Qohélet, nombre con el que se designa al autor de esa breve obra de la Biblia, observa con furiosa lucidez el dolor y la injusticia del mundo. No obstante, a diferencia de nuestros contemporáneos, no se permite tomar el atajo de sentirse víctima. Mientras Job es probado en su paciencia, Qohélet lo es en su desesperación. La amargura que destila no lo encierra en reclamaciones ni en peticiones de cuentas. Ni deudas impagadas de un pasado de las que se reclamase beneficiario presente ni derechos imaginarios e inacabables paralizan su creatividad.

Qohélet da vueltas y vueltas desde diversos ángulos sobre un solo tema que le obsesiona: “¡Vanidad de vanidades; todo es vanidad!” (Ecl. 1,2). Ni la justifica, conformista, ni, derrotado, la admite sin más. Encuentra una sola razón que oponer a tanto mal: entregarse a la alegría del corazón, aquí y ahora. Ese es el don que Dios nos concede por tantos afanes.

Qohélet prescinde de cualquier teodicea. Lee la realidad y, al leerla, no renuncia a la dicha de comprender y de compartir los frutos de su conocimiento. El consuelo de tanto sufrimiento tiene un sabor agrio, pero aplaca la sed. Quien ha padecido el peso de los placeres y del saber, además del de los disgustos y de la necedad, es capaz de compadecerse. Goza así con sencillez al lado de las personas que ama.

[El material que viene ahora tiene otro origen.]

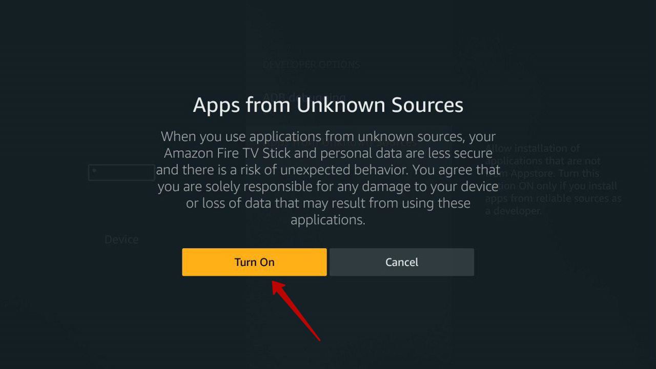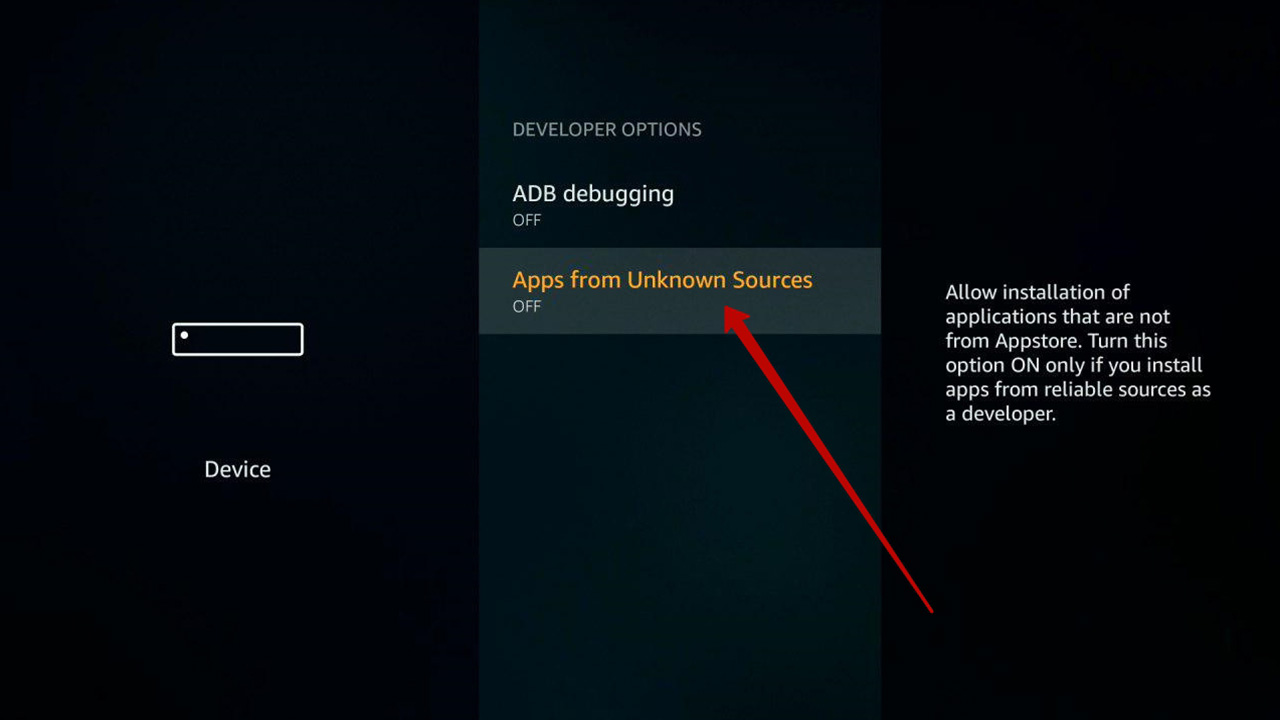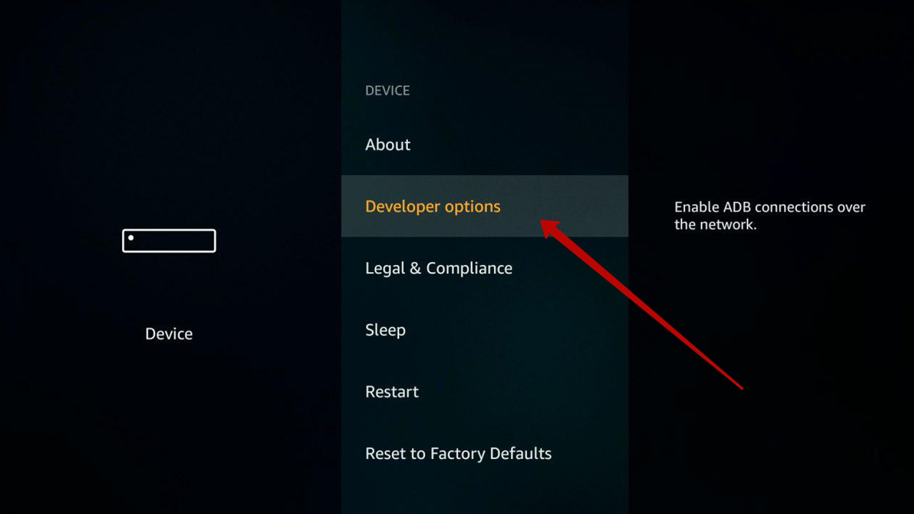 If the «Developers options» category is hidden, open «About» and select for 6-7 times the «FireTV» item, after that the «Developers options» category will appear.

Mi Qohélet – cuyo perfil quisiera trazar en este ensayo – es, pues, un lector que no hace ninguna concesión a la hora de mantener encendida una alegría ardua, dirigida a quienes deseamos repetir la seriedad de su compromiso intelectual y moral ante los límites de la realidad. Como reza el subtítulo de este libro, no renuncia a la alegría en tiempos de vaciedad, acogiéndose a la buena compañía. Acercarse a Qohélet requiere leer entre líneas los interlineados de sus lectores.

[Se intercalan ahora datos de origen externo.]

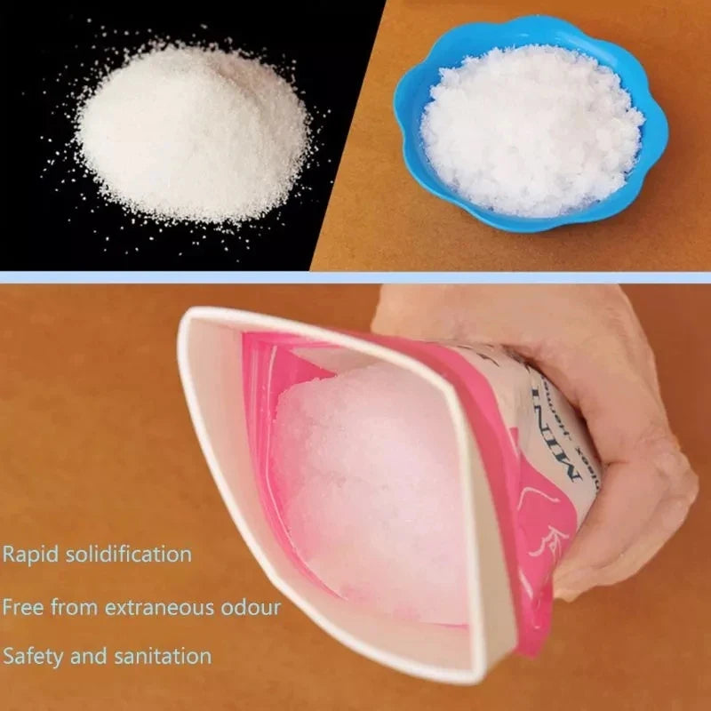 It instantly gels after absorption of liquid thus making it leak-proof, converts up to 700ml.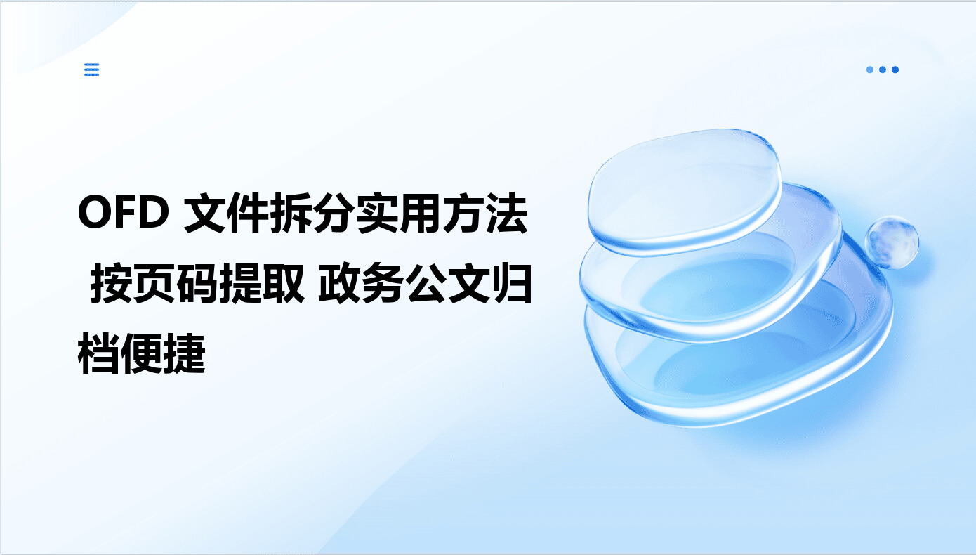 在日常办公中,我们常常会遇到OFD格式的文件。这种格式在政务公文、电子合同、档案存储等领域应用非常广泛。不过,一个现实的问题也随之而来:当一份OFD文档动辄几十页甚至上百页时,查阅、归档或者只发送其中某一部分给别人,就变得很不方便。直接传输整个大文件,耗时耗力;手动截图或者重新编辑,更是费时且容易出错。因此,掌握如何高效、准确地将一个庞大的OFD文件按照需求进行拆分,就成了提升办公效率的一个关键技能。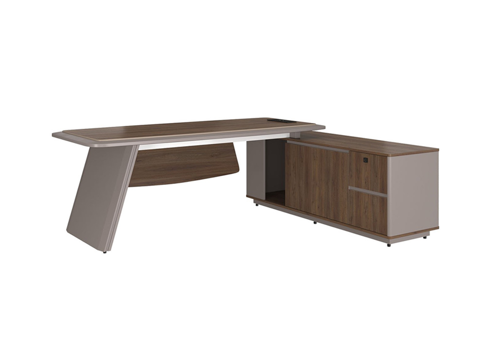Bàn lãnh đạo LUXURY SUPREME S3 chất liệu gỗ sơn+ melamine. Mặt bàn hình tang trống. có 01 nắp hộp điện, Kiểu dáng hiện đại, sang trọng, góc cạnh mặt bàn được bo tròn đều. Tủ phụ có kèm khóa cảm ứng vân tay tại ngăn kéo.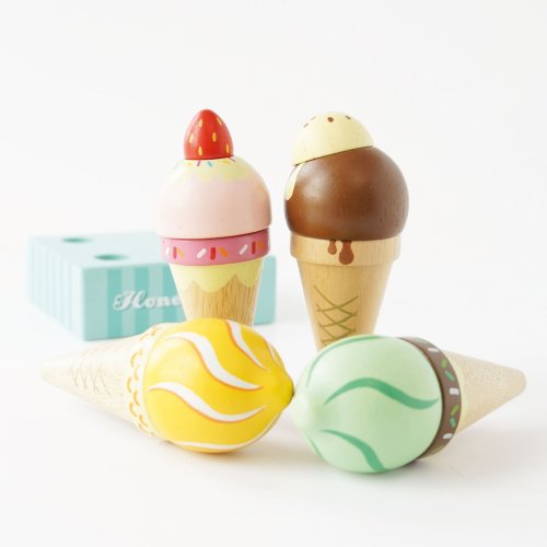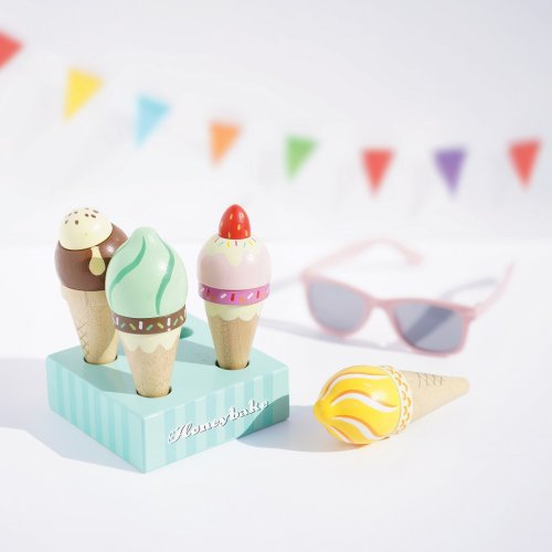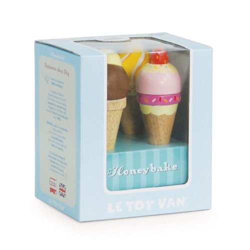 Jednu čokoládovou! S touto sladkou sadou čtyř ručně malovaných kornoutů zmrzliny budou děti moci servírovat osvěžení při představivé hře. Krásně zdobené kornouty zmrzliny jsou vyrobeny z masivního kaučukového dřeva, malovány realisticky s rozdílnými detaily a jsou doplněny o robustní dřevěný stojan. Při hře si děti procvičí koordinaci ruka-oko a jemnou motoriku. Hračky s účelemVšechny hračky firmy Le Toy Van jsou vyrobeny s cílem – aby dlouho vydržely. Designovány s láskou zkušenými řemeslníky za použití etických praktik a udržitelných materiálů, které jsou laskavější k naší planetě. Hlavní vlastnosti: vyrobeno eticky z udržitelného dřevatestováno dle nejpřísnějších standardůmalováno netoxickými barvami na bázi vodyinspiruje k představivé hřevhodné pro hru na role Honeybake kolekce: Hračky v této kolekci jsou vhodné k objevování, pomohou dětem s rozvojem představivosti, sociálních a verbálních dovedností a kognitivních funkcí. Tradiční design s moderními detaily děti jistě bude bavit. Honeybake je kolekce Le Toy Van, která vyhrála nejvíce ocenění, a to za design, kvalitu, bezpečnost a také za vzdělávací a herní hodnotu.

Los capítulos que vienen a continuación han girado en torno al concepto de tiempo, desde su sentido histórico hasta el escatológico, pues “comprobé la tarea que Dios ha encomendado a los hombres para que se ocupen en ella: todo lo hizo bueno a su tiempo, y les proporcionó el sentido del tiempo, pero el hombre no puede llegar a comprender la obra que hizo Dios, de principio a fin” (Ecl. 3,10-11). Tiempo de creación, tiempo de salvación. Lo han intentado articular a través de la poesía, escoltada por la predicación y el comentario de autores que han experimentado sintonía con las enseñanzas de Qohélet. Conforman así una lectura sobre lecturas de otros lectores. Si no más, ojalá hayan ayudado a comprender mejor.

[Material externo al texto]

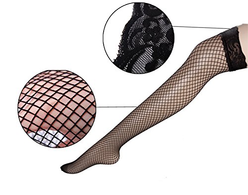 Black Lace Fishnet Thigh Highs Stockings Sexy Women Tights Girls Net High Pantyhose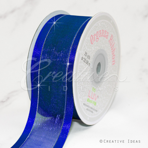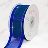 1 1/2" Organza With Satin & Silver Edge Ribbon - 25 Yards (Royal Blue)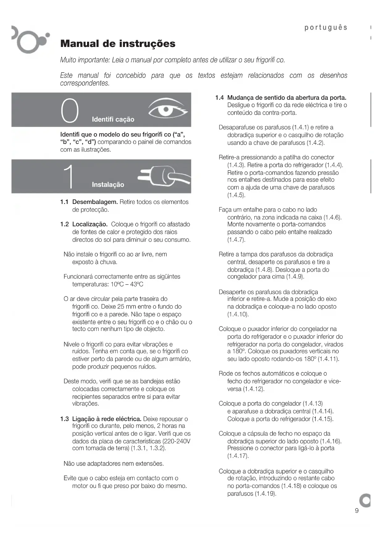 Manual de instruções Muito importante: Leia o manual por completo antes de utilizar o seu frigorífi co. Este manual foi concebido para que os textos estejam relacionados com os desenhos correspondentes. Instalação Identifi que o modelo do seu frigorífi co (“a”, “b”, “c”, “d”) comparando o painel de comandos com as ilustrações.
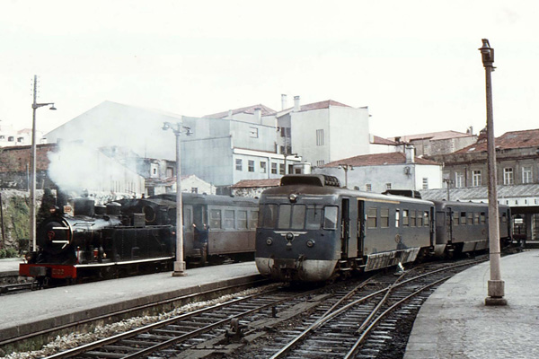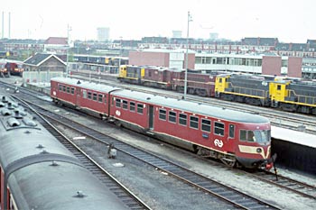 Overstappen in Tiel, op 21 augustus 1983. Links treinstel 853 uit Utrecht, rechts treinstel 173 naar Nijmegen. |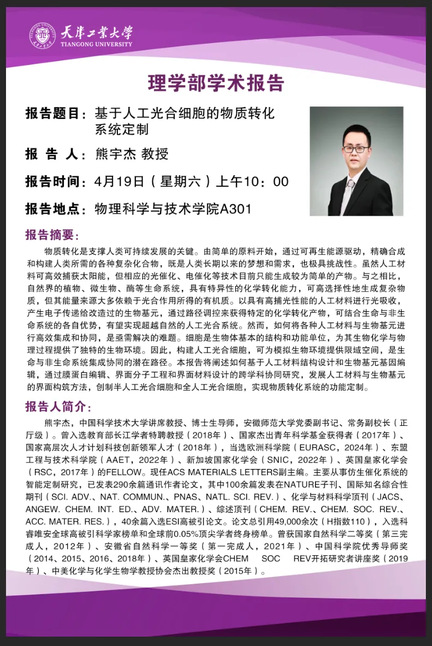 报告题目:基于人工光合细胞的物质转化系统定制

La intención de todo el recorrido ha sido esbozar, por una senda escondida e indirecta, una parte singular de la conciencia de ocaso de la cultura occidental, cuyas raíces grecolatinas no bastan para proporcionar un diagnóstico completo. Es preciso abordar tal conciencia, sin complejos, desde sus fundamentos judeocristianos.

Es cierto que el sentimiento de crisis la ha acompañado siempre, amenazante. Qohélet da cuenta de él a fondo, sin rendirse. Ante las reiteradas tentaciones suicidas que se atribuyen a nuestra civilización, cada vez más aparentemente decididas, la lectura y su correlato de la glosa que nos proponemos practicar quieren agradecer la creación de toda obra como fuerza de contención frente a cualquier augurio de desastre. Superfluo o no, como demuestra el propio Eclesiastés, atreverse a crear traza siempre un gesto afirmativo de ser.

Tras una introducción que intenta exponer las categorías que se propone manejar, este ensayo comienza y acaba con la poesía, entre José Jiménez Lozano y T. S. Eliot en el siglo xx, por un lado, y Teognis de Mégara en el siglo v a.C., por otro. En su interior se ha desplegado una dinámica anagógica y moral que ponen en diálogo los comentarios de san Jerónimo, Padre de la Iglesia, con algunas homilías de san John Henry Newman, teólogo que, por su trayectoria, habría que considerar uno de sus equivalentes contemporáneos. Entre la Antigüedad y la Modernidad las lecturas sobre Qohélet reflejan su actualidad irreductible a cualquier apropiación. El epílogo trata de aclarar qué se ha logrado aprender a lo largo de las distintas jornadas de este itinerario.

Es en realidad Qohélet quien lee nuestra época líquida, y no al revés. Nos revela nuestra condición. “Una generación se va, otra generación viene, pero la tierra siempre permanece” (Ecl. 1,4). Podríamos considerarlo testigo de nuestro momento. A fin de cuentas, somos nosotros quienes seguimos testimoniando de nuevo la radicalidad de su mensaje.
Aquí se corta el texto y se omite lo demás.